→ Task data
────────

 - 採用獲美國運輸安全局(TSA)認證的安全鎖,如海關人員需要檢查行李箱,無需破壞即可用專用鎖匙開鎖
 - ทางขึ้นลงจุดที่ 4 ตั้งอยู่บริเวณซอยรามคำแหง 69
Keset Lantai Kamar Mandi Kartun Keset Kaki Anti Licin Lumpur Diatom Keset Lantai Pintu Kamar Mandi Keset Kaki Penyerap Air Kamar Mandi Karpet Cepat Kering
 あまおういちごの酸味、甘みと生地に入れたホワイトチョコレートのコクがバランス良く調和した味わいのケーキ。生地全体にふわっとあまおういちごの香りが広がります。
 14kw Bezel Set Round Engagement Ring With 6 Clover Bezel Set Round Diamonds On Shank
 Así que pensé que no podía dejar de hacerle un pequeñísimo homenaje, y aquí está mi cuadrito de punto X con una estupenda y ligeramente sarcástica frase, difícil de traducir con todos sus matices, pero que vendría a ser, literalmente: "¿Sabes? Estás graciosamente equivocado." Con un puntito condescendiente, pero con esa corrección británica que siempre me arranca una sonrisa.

────────

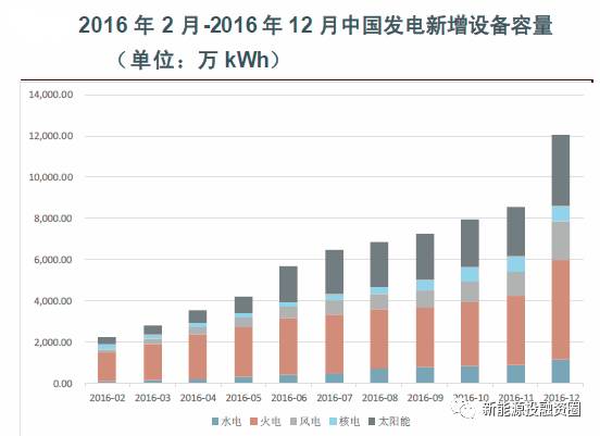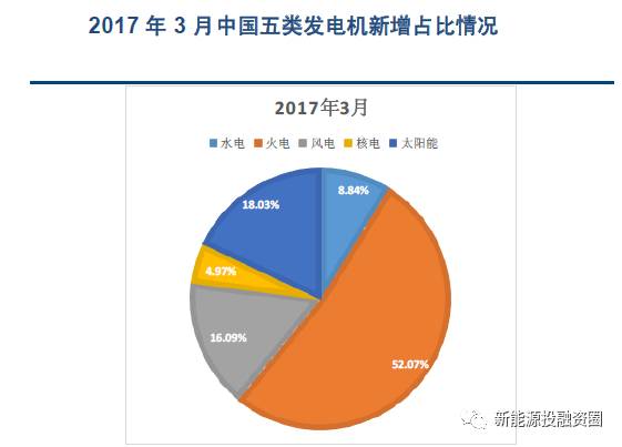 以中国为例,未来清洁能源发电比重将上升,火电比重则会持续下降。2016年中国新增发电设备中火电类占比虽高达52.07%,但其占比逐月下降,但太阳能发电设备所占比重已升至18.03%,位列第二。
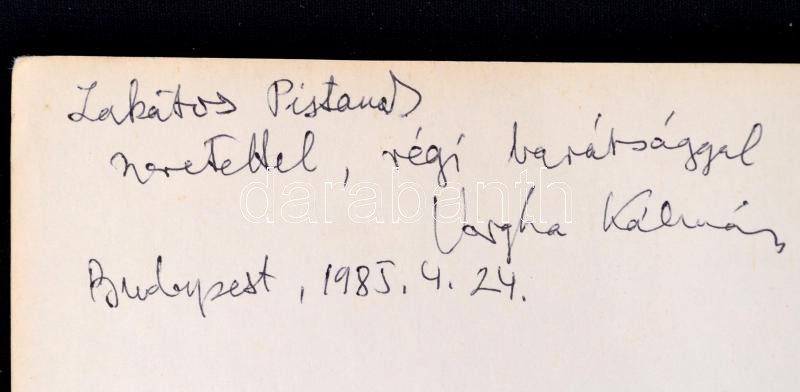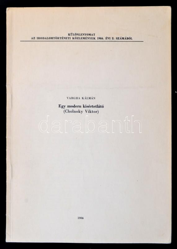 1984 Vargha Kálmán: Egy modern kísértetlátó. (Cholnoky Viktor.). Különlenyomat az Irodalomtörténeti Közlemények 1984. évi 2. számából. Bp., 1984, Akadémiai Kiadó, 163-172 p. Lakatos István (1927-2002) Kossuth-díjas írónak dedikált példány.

────────

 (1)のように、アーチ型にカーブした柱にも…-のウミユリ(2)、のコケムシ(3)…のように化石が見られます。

────────

→ Instructions for the task
Find "- 採用獲美國運輸安全局(T" in the entries above and copy that whole line exactly, then each line after it through the line that contains "14kw Bezel Set".

→ Reply
 - 採用獲美國運輸安全局(TSA)認證的安全鎖,如海關人員需要檢查行李箱,無需破壞即可用專用鎖匙開鎖
 - ทางขึ้นลงจุดที่ 4 ตั้งอยู่บริเวณซอยรามคำแหง 69
Keset Lantai Kamar Mandi Kartun Keset Kaki Anti Licin Lumpur Diatom Keset Lantai Pintu Kamar Mandi Keset Kaki Penyerap Air Kamar Mandi Karpet Cepat Kering
 あまおういちごの酸味、甘みと生地に入れたホワイトチョコレートのコクがバランス良く調和した味わいのケーキ。生地全体にふわっとあまおういちごの香りが広がります。
 14kw Bezel Set Round Engagement Ring With 6 Clover Bezel Set Round Diamonds On Shank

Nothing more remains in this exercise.